● AIM OF THE EXERCISE
Dropping every picture, set down exactly the lines in the entries below, starting with the line with "قلت شعر متوسط" and going on through the line with "FurMark за почти".

● EXCERPTED DATA
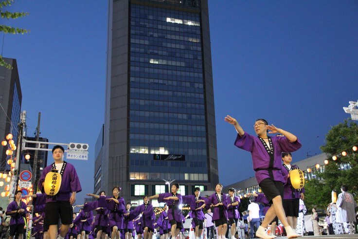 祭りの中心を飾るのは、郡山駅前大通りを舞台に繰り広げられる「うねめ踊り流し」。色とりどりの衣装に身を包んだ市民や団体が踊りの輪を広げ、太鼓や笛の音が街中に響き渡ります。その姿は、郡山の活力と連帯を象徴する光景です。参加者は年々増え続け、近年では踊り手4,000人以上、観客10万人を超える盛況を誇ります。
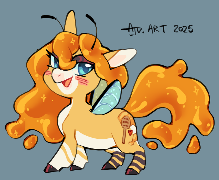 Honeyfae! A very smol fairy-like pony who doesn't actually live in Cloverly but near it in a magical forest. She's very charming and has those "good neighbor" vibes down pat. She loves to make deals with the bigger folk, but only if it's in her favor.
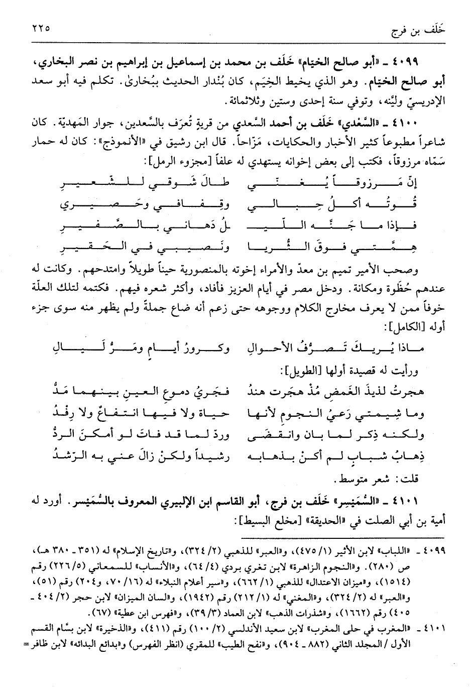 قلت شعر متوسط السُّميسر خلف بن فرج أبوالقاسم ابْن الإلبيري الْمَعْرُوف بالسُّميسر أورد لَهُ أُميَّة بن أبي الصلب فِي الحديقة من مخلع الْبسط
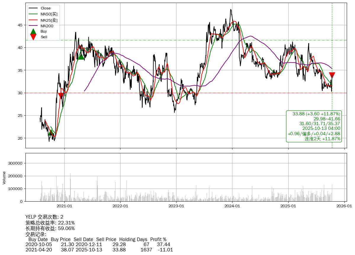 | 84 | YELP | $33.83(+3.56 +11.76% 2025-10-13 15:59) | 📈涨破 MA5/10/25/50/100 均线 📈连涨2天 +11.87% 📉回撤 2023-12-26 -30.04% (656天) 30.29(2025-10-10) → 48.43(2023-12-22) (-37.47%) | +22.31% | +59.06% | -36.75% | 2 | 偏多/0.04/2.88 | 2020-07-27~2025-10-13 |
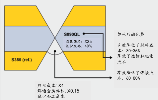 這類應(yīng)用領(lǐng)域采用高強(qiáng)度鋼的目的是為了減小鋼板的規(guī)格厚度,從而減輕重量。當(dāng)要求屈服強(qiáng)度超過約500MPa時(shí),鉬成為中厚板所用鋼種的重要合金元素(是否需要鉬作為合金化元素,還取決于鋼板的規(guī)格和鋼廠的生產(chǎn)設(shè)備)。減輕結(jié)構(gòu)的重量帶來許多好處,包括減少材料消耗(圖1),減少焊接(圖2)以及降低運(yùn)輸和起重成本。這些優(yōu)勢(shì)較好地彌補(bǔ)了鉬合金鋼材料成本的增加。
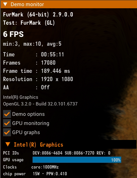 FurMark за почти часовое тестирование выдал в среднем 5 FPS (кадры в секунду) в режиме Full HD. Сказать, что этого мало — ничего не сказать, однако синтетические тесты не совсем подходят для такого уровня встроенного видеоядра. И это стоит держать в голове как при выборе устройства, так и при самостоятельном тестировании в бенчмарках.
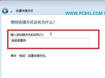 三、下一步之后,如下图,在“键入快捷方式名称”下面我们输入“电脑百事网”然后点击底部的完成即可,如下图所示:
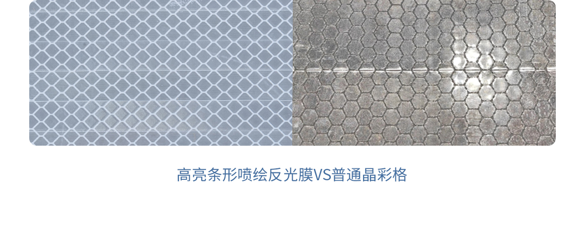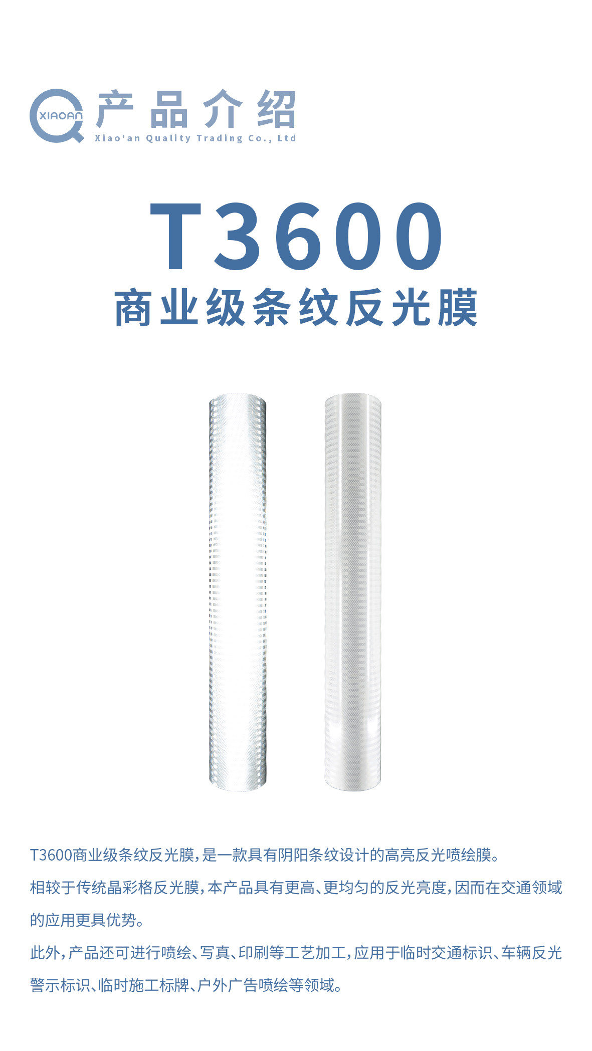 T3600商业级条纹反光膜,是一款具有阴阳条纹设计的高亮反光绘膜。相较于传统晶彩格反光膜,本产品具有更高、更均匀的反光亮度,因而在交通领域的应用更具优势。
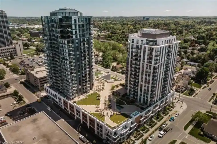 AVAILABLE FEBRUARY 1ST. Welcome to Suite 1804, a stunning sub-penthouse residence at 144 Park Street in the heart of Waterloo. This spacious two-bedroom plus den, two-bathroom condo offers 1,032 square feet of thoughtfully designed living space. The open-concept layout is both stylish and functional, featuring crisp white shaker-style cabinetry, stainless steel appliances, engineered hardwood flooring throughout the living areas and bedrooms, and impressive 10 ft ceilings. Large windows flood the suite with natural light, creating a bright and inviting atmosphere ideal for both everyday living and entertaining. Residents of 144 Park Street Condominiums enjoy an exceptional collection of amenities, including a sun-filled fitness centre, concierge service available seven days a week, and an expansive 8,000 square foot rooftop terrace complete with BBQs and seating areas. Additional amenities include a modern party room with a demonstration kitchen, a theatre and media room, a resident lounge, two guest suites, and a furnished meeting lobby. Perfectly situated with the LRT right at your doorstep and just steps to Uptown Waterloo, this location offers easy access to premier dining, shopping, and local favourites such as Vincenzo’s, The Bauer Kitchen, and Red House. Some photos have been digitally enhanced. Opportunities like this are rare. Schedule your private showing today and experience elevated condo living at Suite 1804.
--
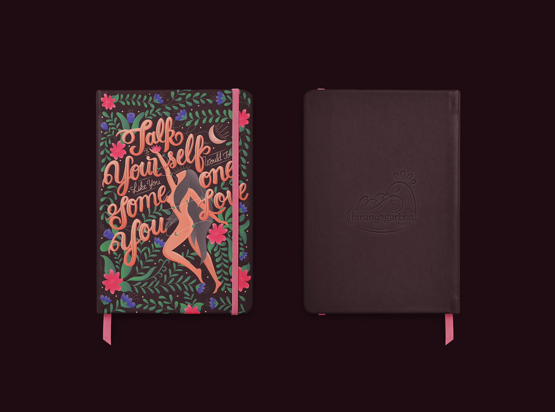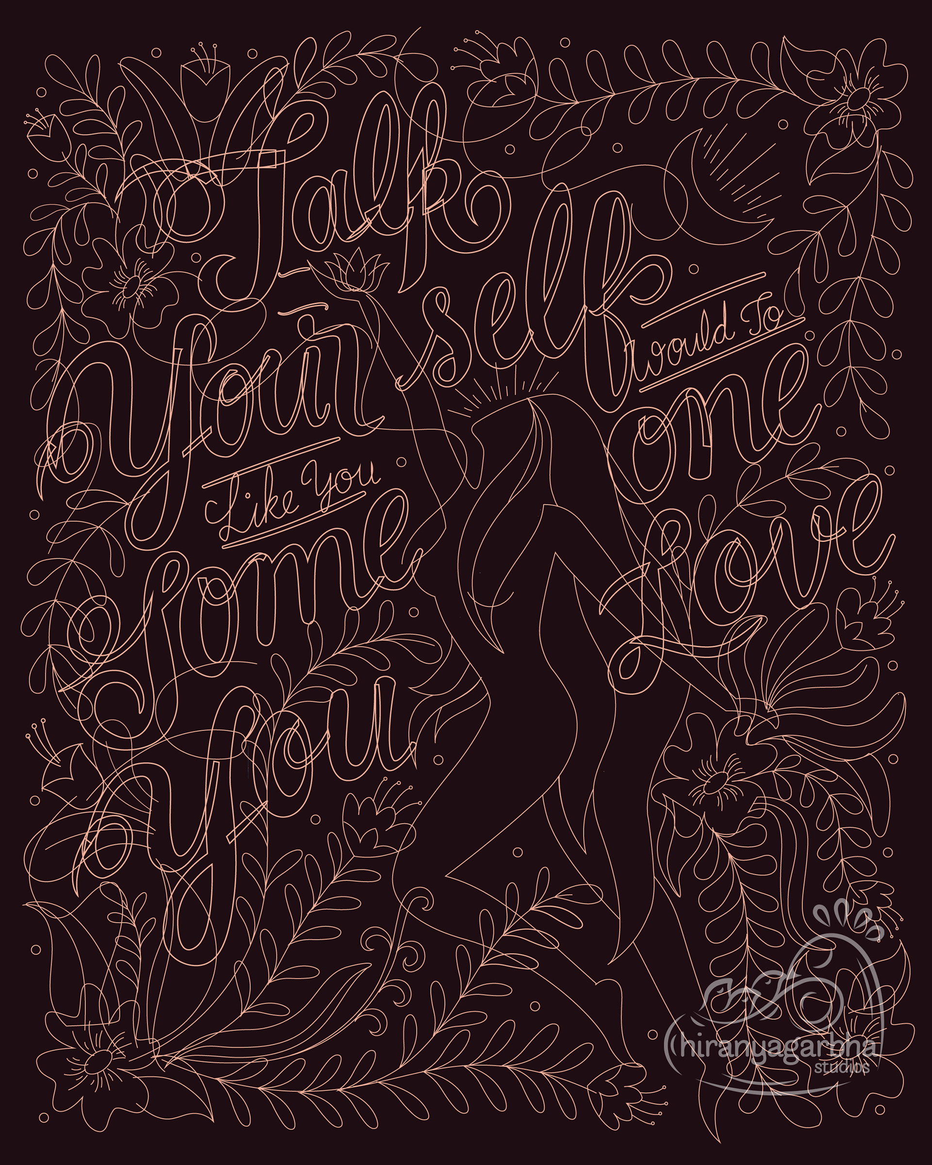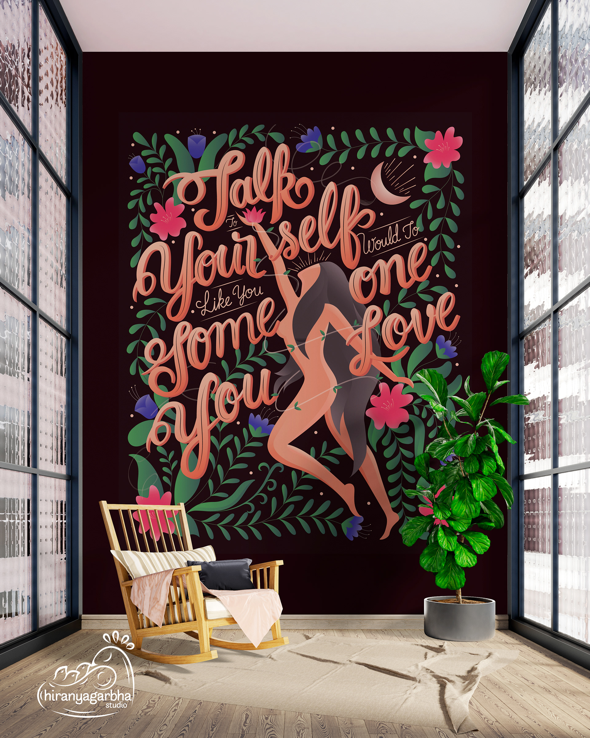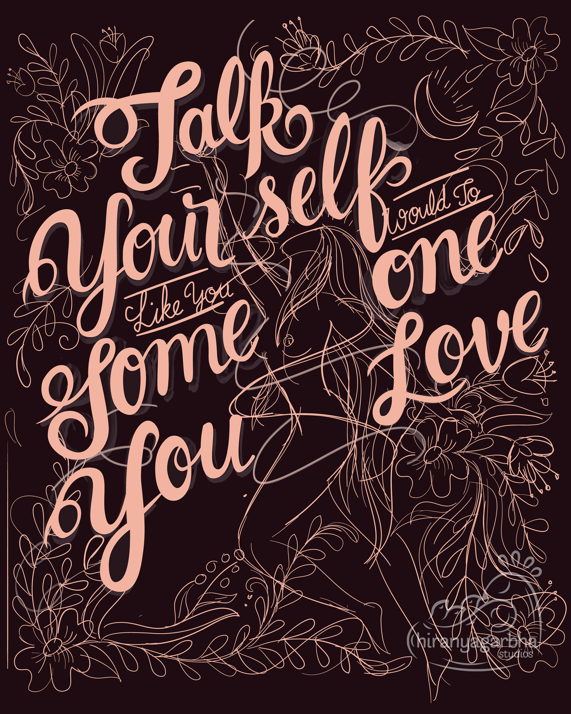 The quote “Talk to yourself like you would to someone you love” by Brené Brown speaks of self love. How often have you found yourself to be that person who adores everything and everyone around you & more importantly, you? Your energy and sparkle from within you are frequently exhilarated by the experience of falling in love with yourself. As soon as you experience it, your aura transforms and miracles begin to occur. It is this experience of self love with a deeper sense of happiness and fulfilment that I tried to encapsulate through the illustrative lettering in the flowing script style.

● COMPLETED TASK
 قلت شعر متوسط السُّميسر خلف بن فرج أبوالقاسم ابْن الإلبيري الْمَعْرُوف بالسُّميسر أورد لَهُ أُميَّة بن أبي الصلب فِي الحديقة من مخلع الْبسط
 | 84 | YELP | $33.83(+3.56 +11.76% 2025-10-13 15:59) | 📈涨破 MA5/10/25/50/100 均线 📈连涨2天 +11.87% 📉回撤 2023-12-26 -30.04% (656天) 30.29(2025-10-10) → 48.43(2023-12-22) (-37.47%) | +22.31% | +59.06% | -36.75% | 2 | 偏多/0.04/2.88 | 2020-07-27~2025-10-13 |
 這類應(yīng)用領(lǐng)域采用高強(qiáng)度鋼的目的是為了減小鋼板的規(guī)格厚度,從而減輕重量。當(dāng)要求屈服強(qiáng)度超過約500MPa時(shí),鉬成為中厚板所用鋼種的重要合金元素(是否需要鉬作為合金化元素,還取決于鋼板的規(guī)格和鋼廠的生產(chǎn)設(shè)備)。減輕結(jié)構(gòu)的重量帶來許多好處,包括減少材料消耗(圖1),減少焊接(圖2)以及降低運(yùn)輸和起重成本。這些優(yōu)勢(shì)較好地彌補(bǔ)了鉬合金鋼材料成本的增加。
 FurMark за почти часовое тестирование выдал в среднем 5 FPS (кадры в секунду) в режиме Full HD. Сказать, что этого мало — ничего не сказать, однако синтетические тесты не совсем подходят для такого уровня встроенного видеоядра. И это стоит держать в голове как при выборе устройства, так и при самостоятельном тестировании в бенчмарках.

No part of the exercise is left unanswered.